Wednesday, March 12, 2014

going up.......

Mary Katrantzou’s A/W 2014 collection was a distinct move away from her previous digital print heavy work. The queen of print instead sent some serious embellishment down the runway, using handmade textiles and vivid embroidery - to great effect. The collection was strong, elaborate and beautifully put together. And, after a scout around the Moda Operandi website, where you can pre-order pieces from the collection right now, it’s obvious it’s also incredibly expensive. 

In August last year there was plenty of talk online, in print and I’m sure in the real world about the dramatic price increases at luxury houses like Chanel and Hermes. BOF pointing out that the Chanel 2.55 bag now retailed at the same price as the Hermes Kelly bag. Well the same price it was a decade ago, because the Kelly bag had by mid last year nearly doubled in price itself. 

Luxury prices have historically consistently outstripped increases in inflation, more then twice the rate according to BOF. And while the raw cost of materials like leather and cotton, increases in wages in manufacturing countries like China and the ongoing costs of advertising in glossy magazines and maintaining store fronts in exclusive real estate markets no doubt contribute to increasing costs for luxury houses. There is another factor that Burberry basically confirmed last year when it said that it would raise prices to appeal to wealthier customers. A idea that sounds very much like the Veblen theory of goods. 

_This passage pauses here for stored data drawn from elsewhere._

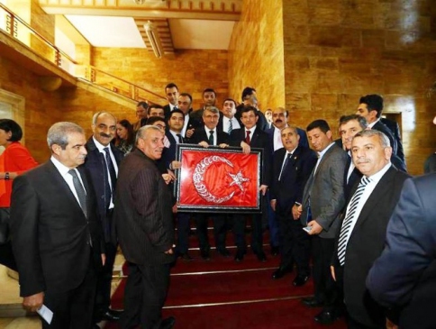 Şanlıurfa’da mağduriyetleri giderilen Köylere Hizmet Götürme Birliği personelleri, Başbakan Ahmet Davutoğlu’na Osmanlıca işlemeli Türk bayrağı tablosu hediye etti.
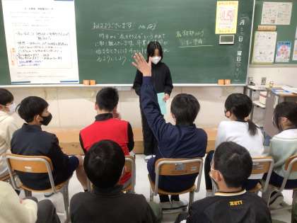6年生の発表者は卒業を意識してか、1年間の出来事と4月からの抱負を発表しました。特に思い出に残る行事は修学旅行だそうで、観光地を具体的に挙げて紹介しました。5年生を意識した発表でしたので、5年生からの質問や感想が多く寄せられました。
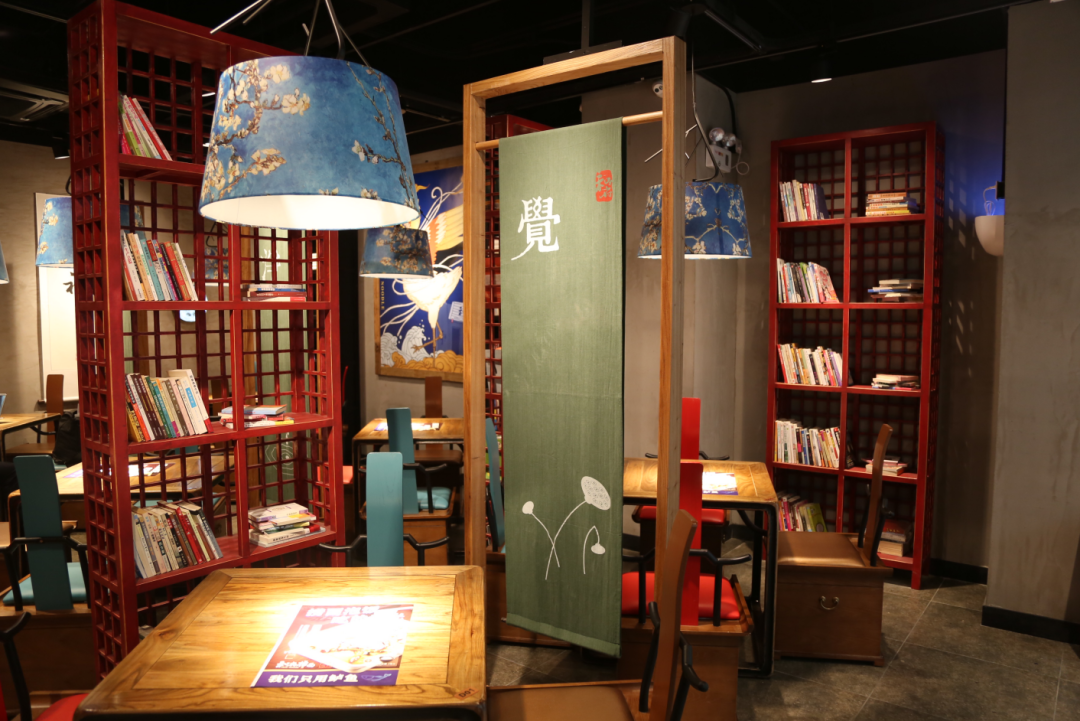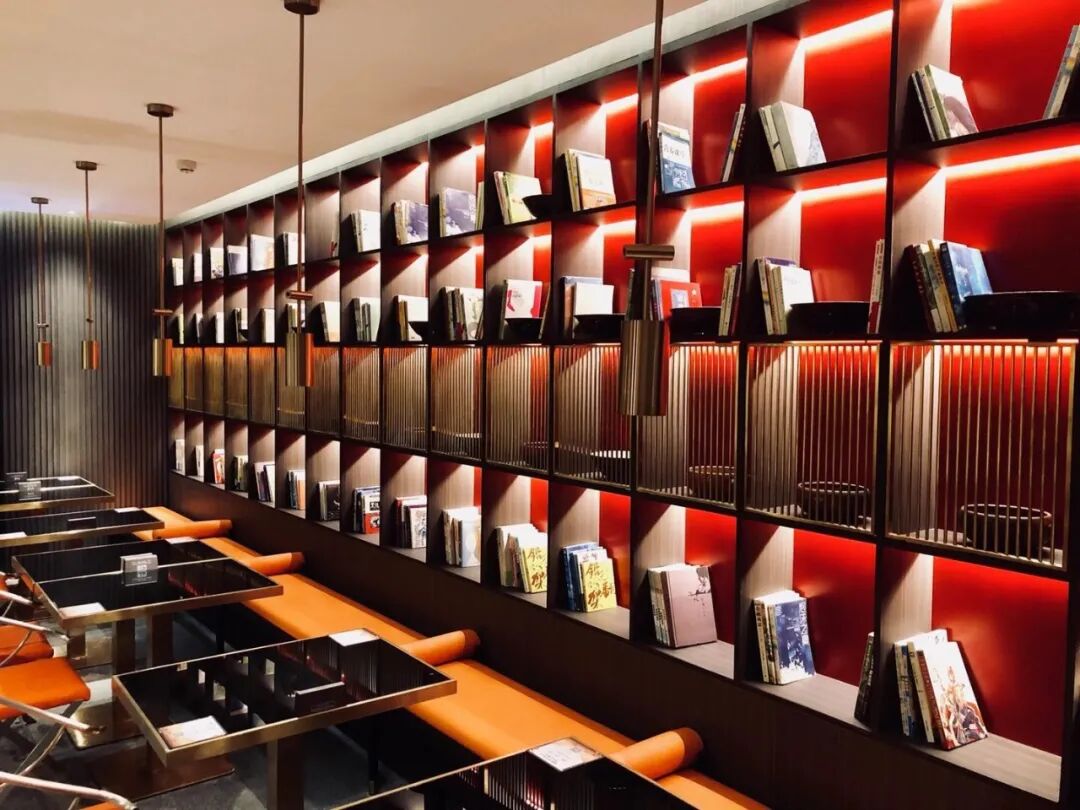 店内红蓝与黑的色调搭配,让视觉呈现的更加现代酷炫,而书房元素恰到好处的穿插又让现代与古代的边界变得模糊起来。
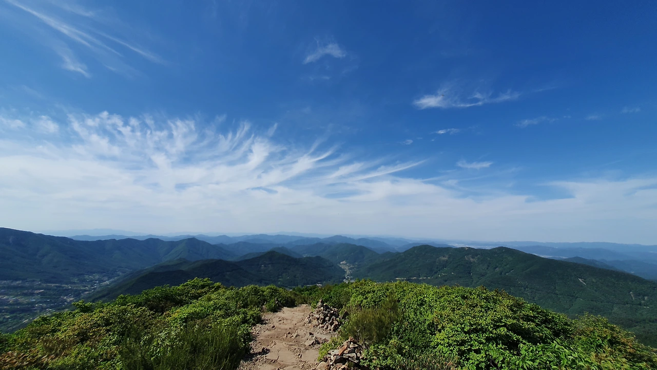 꿀잠을 자고 아침에 숙소에서 일어나 내려온 길을 다시 올려다보니 마지막에 저걸 내려왔다는 거지 싶더라. 사방이 깜깜한데 개소리와 차 소리만 아득히 들려오던 한 시간 반의 사투를 나는 못 잊어. 혹시 종주를 또 계획하게 된다면 하산 계획은 무조건 크고 정비된 길로. 그리고 러닝 양말 말고 등산양말 신는 걸로. 그러지 않으면 두 엄지에 멍이 들 테니.
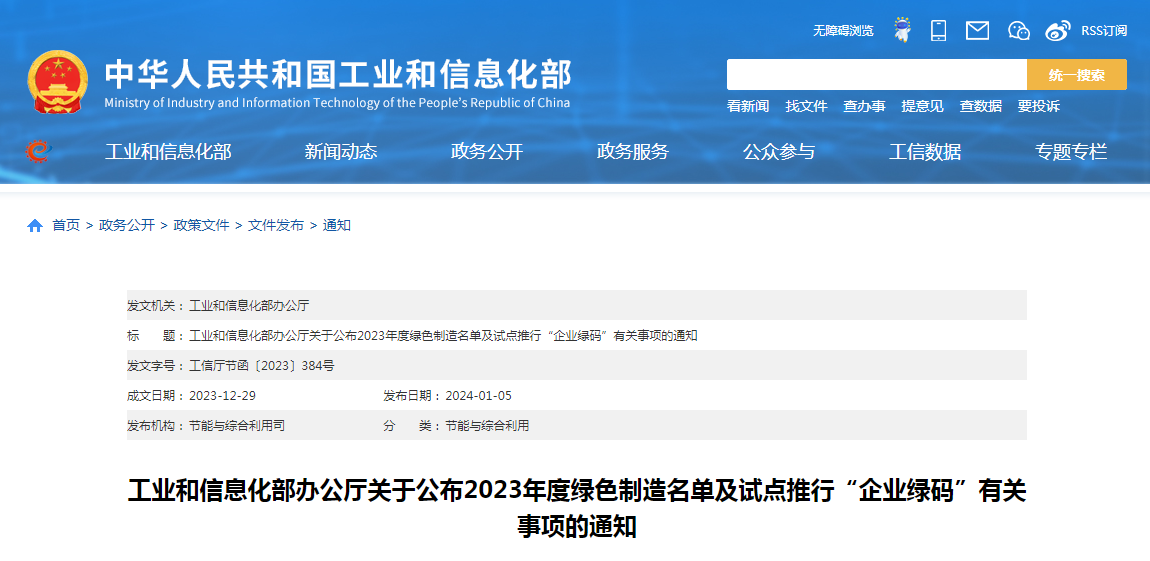 近日,工業(yè)和信息化部公布了2023年度綠色制造名單。
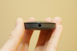 側面には3.5mmのアナログ音声/光デジタル音声兼用端子が付いている。反対側には給電のためのmicro USB端子も搭載。バッテリーは内蔵されていないので、使う時にはUSB経由で常時給電が必要だ。本体に同梱されているライム色のケーブルはアナログオーディオケーブルなので、光デジタル出力を利用する場合は、別途Mini-TOSLINKのケーブルを用意する必要がある。

The Veblen theory of goods basically says that the more expensive something is, the more people buy it. Seems contradictory, but quality is generally associated with price. The old adage that you get what you pay for springs to mind. Which certainly explains how luxury fashion houses can consistently increase prices and still make record sales. 

What has any of this got to do with Mary Katrantzou’s latest collection? To put it bluntly, Katrantzou’s latest collection is not cheap. Not to suggest that previous collections were. Pieces from Katrantzou’s S/S14 and Resort 14 collections on Net-A-Porter range from $480 Australian dollars for a printed jersey tee to nearly $3000 Australian dollars for a Satin Twill dress in her signature vibrant prints. But on Moda Operandi, Katrantzou’s A/W 14 collection features prices that range from $4500 Australian dollars for a embroidered crew neck top to $50,000 for a heavily embellished dress. A significant increase in price. And while the work is also significantly different, and brilliantly done I might add, it illustrates an interesting phenomena in the fashion industry. That is the upward motion of prices. Prices that customers continue to pay. 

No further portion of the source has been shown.